Deutsche Bank said today that it has received requests for information from regulatory agencies concerning its processing of U.S. dollar payment orders through U.S. institutions for parties from countries subject to U.S. embargo laws. The bank is cooperating with the requests, according to the statement.

Court Costs

Expenses from litigation rose to 289 million euros in the third quarter from 180 million in the same period a year earlier, the company’s filings show. Deutsche Bank left its estimate for potential litigation losses for which it hasn’t set aside provisions at 2.5 billion euros at the end of September, unchanged from three months earlier.

The company is among four European banks being investigated by U.S. authorities for alleged violations involving oil trading and Iran, an attorney with knowledge of the matter said in September on condition of anonymity.

Lawsuits will occupy the company for “quite a while,” Krause said today.

Deutsche Bank’s core tier 1 capital ratio climbed 57 basis points, or 0.57 percentage point, to 10.7 percent in September from the previous quarter, according to the earnings statement. That means “we are on track to achieve our Basel III capital ambitions,” Juergen Fitschen and Anshu Jain, co-chief executive officers, said in an e-mail today.

Last Place

The German bank was the least capitalized of Europe’s four biggest investment banks at the end of June, data compiled by Bloomberg Industries show. The 10.7 percent ratio may still place Deutsche Bank last in that ranking. Barclays Plc, which had a ratio of 10.9 percent at the end of June, reports third- quarter earnings tomorrow.

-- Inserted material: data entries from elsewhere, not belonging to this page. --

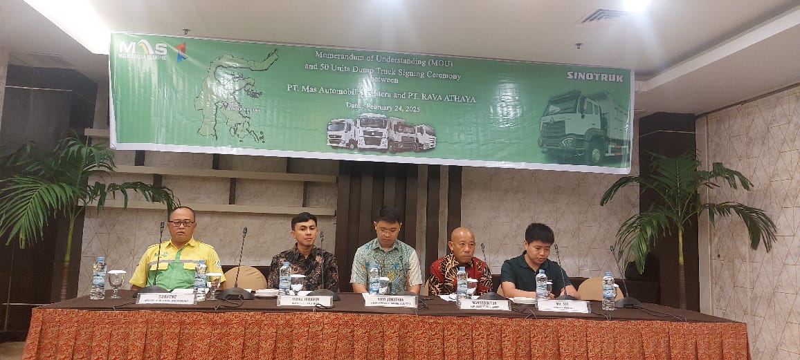 MAKASSAR DAULATRAKYAT.ID.PT Mas Automobil Sejahtera,dealer resmi Sinotruk, resmi menandatangani Memorandum of Understanding (MoU) dengan PT Rava Athaya untuk pengadaan 50 unit truk HOWO Senin (24/02/2025) di Legend Room Hotel Claro Makassar.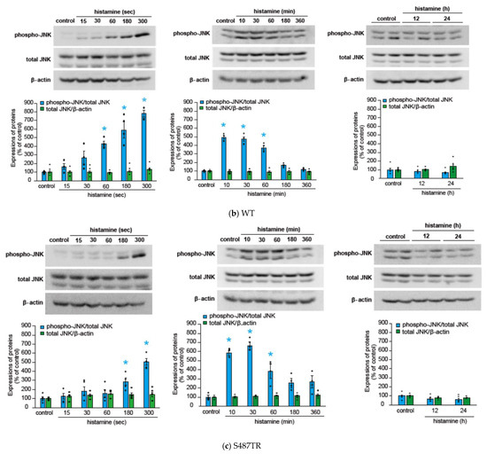 In subsequent experiments, we evaluated the effects of various inhibitors on JNK phosphorylation induced by histamine treatment for 30 min in CHO cells expressing WT or S487TR.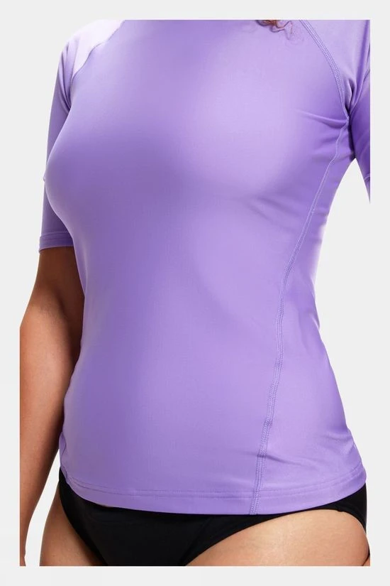 Stylish sun protection swimwear, come rain or shine. The Short Sleeve Rash Top from Speedo’s Essentials range has you covered. Snug-fitting in a pull-on style, it features flatlocked seams for a comfortable fit against the body and includes UPF 40+ sun protection – making it ideal for active beach days spent in and out of the water. Made using Speedo’s fully recycled Eco EnduraBrite fabric for superb colour performance, it offers higher chlorine resistance than other standard swimwear and fits like new for longer thanks to Creora HighClo.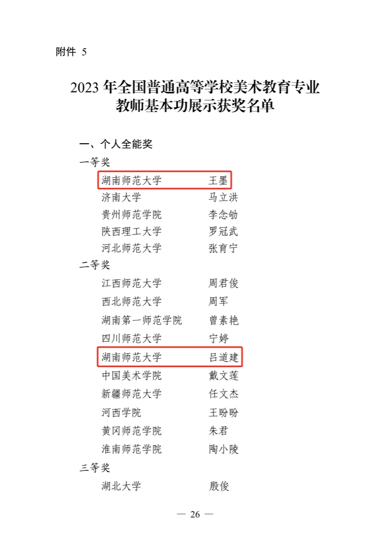 2024年2月1日,教育部公布了2023年全国普通高等公司美术教育专业本科员工和教师基本功展示评选结果,beats3655名参赛师生与来自全国各省、自治区、直辖市,新疆生产建设兵团,部属各师范大学的107所高校的346名参展师生同台展示,斩获佳绩。公司教师:王墨获个人全能一等奖,专业技能展示单项奖,审美和人文素养展示单项奖;吕道建获个人全能二等奖,审美和人文素养展示单项奖。员工基本功展示:beats365获公司团体奖三等奖。谭倩、刘紫藤、陈晓阳均获个人全能三等奖,刘紫藤获教学展示(微课)单项奖、陈晓阳获专业技能(自选)单项奖。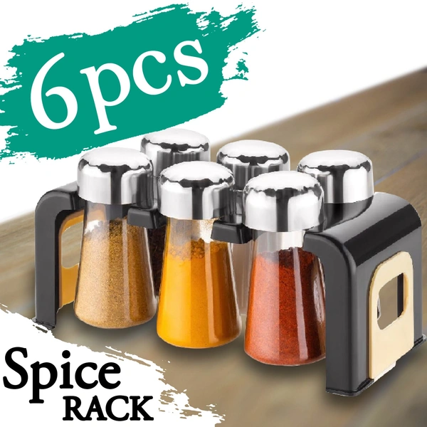 2458 Spice Jar Kitchen Storage Round Jars Airtight Steel Cap (Set Of 6)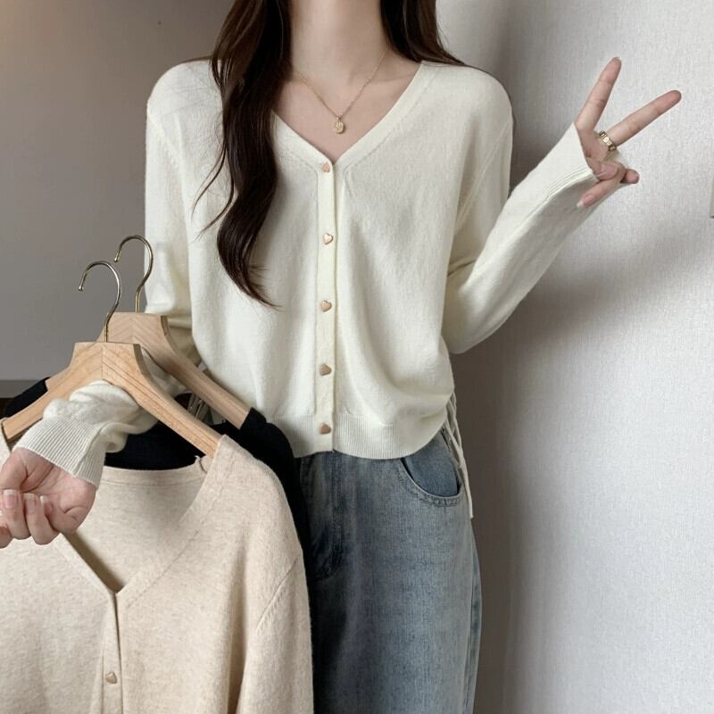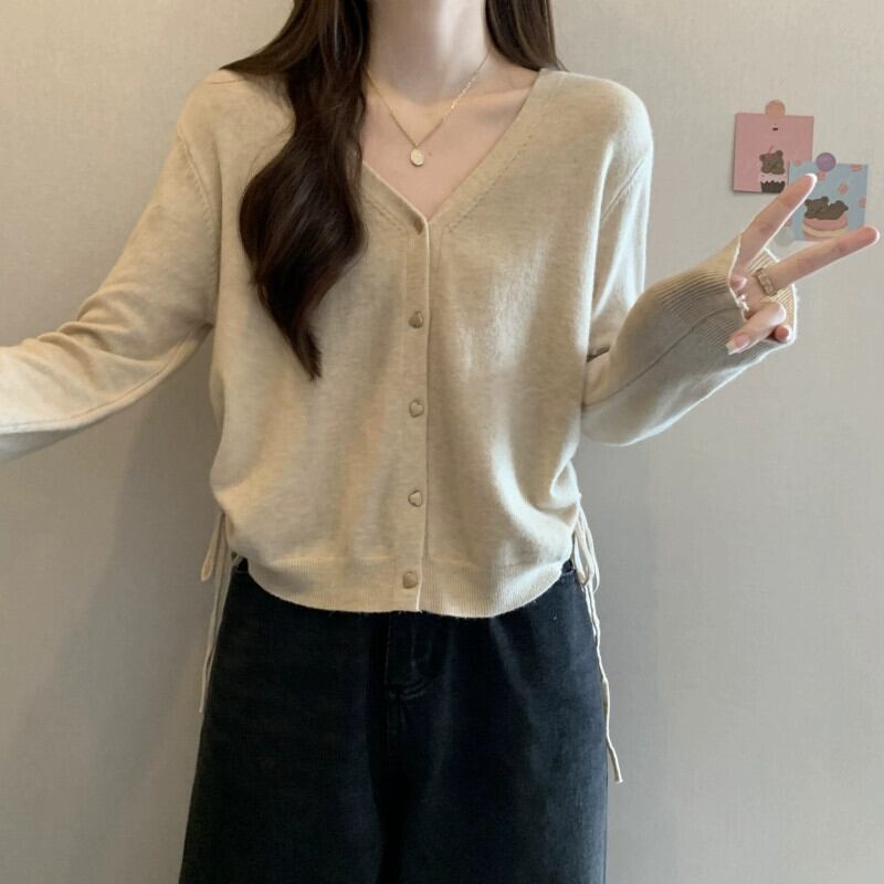 プラスサイズの女性の 2023 秋と冬の新しいファット MM ラブバックル不規則な巾着裾 V ネックニット長袖カーディガン ロング 大きめサイズ オータム 秋物 ウィンター 冬物 Vネック 8884179469166173

Deutsche Bank’s capital levels are still “weak” and the gap with its competitors is widening, JPMorgan Chase & Co. analysts Kian Abouhossein and Amit Ranjan wrote in an e-mailed report.

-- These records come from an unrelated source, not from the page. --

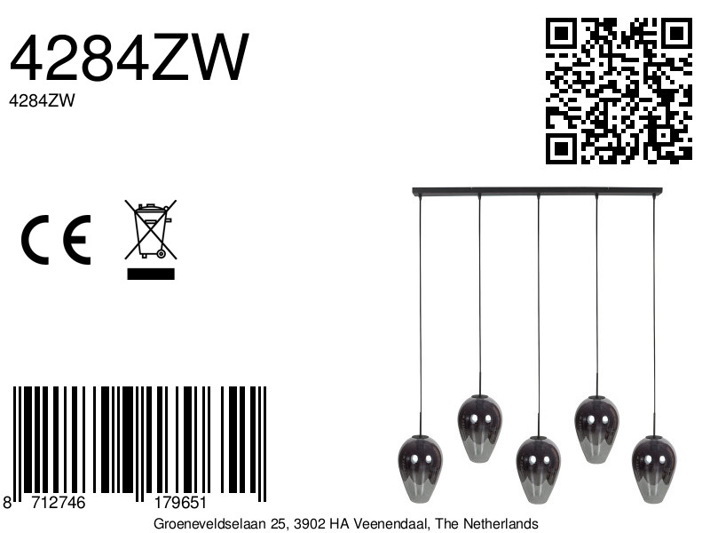 La lampe est livrée avec cinq verres coniques dans une couleur fumée élégante. Chaque verre a un diamètre de 22,5 cm et une hauteur de 33 cm, offrant une émission de lumière chaleureuse avec une touche luxueuse et mystérieuse. La plaque de plafond de 110 x 8,5 x 2,5 cm est finement finie et facile à monter. Cette lampe suspendue atmosphérique fait partie de la série modulaire HaloSwap et se combine sans effort pour un ensemble harmonieux dans votre maison.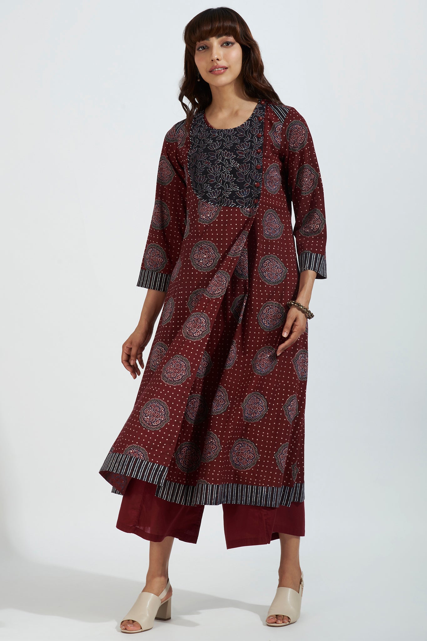 The 3/4th sleeves with cuff detail enhance the silhouette, creating a flattering fit that complements various body types. Paired perfectly with culottes in a harmonizing monotone maroon, the ensemble is an ode to coordination and refinement.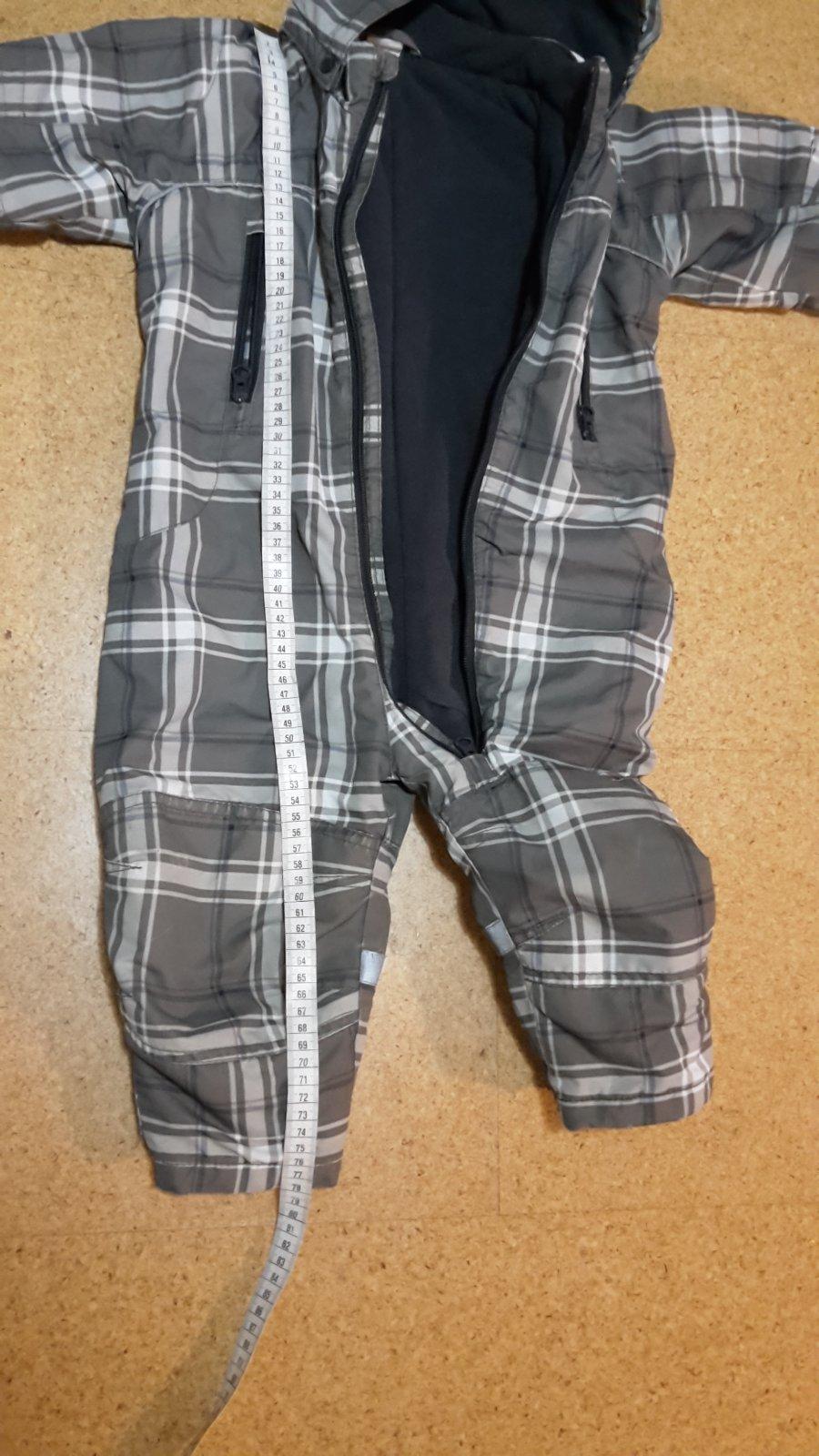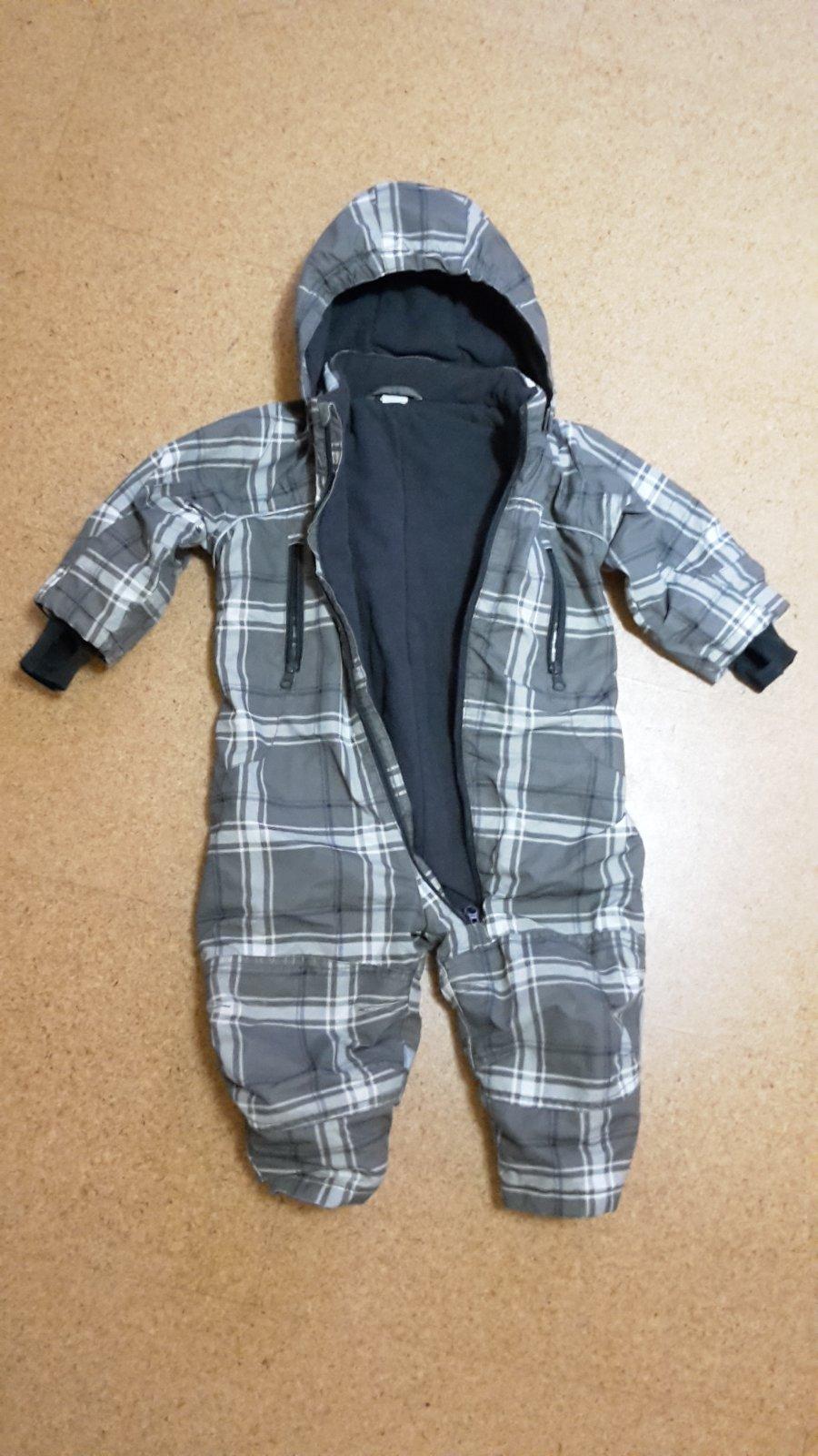 predám teplú zimnú kombinézu zn. H & M s odopínateľnou kapucňou a praktickými rukávmi a vreckami. Je podšitá flisom. Spodky nôh sú mierne ošúchané. vid foto. a na jednej nožičke sú zašité. /vid foto/. tomu je prispôsobená aj cena.

The “probability of Deutsche Bank issuing new capital through an indirect capital raise of issuing performance related shares is increasing,” the London-based analysts wrote.

Net interest income was 3.72 billion euros in the third quarter compared with 4.3 billion euros a year ago and an average estimate among seven analysts of 4 billion euros.

German lenders face “intense competition and low interest rates are causing margin pressure,” Moody’s Investors Service said on Oct. 19.

Deutsche Bank’s pretax profit at its private and business clients unit rose to 492 million euros in the third quarter from 310 million euros a year ago on gains from asset sales. That beat the 329 million-euro average estimate of nine analysts surveyed by Bloomberg.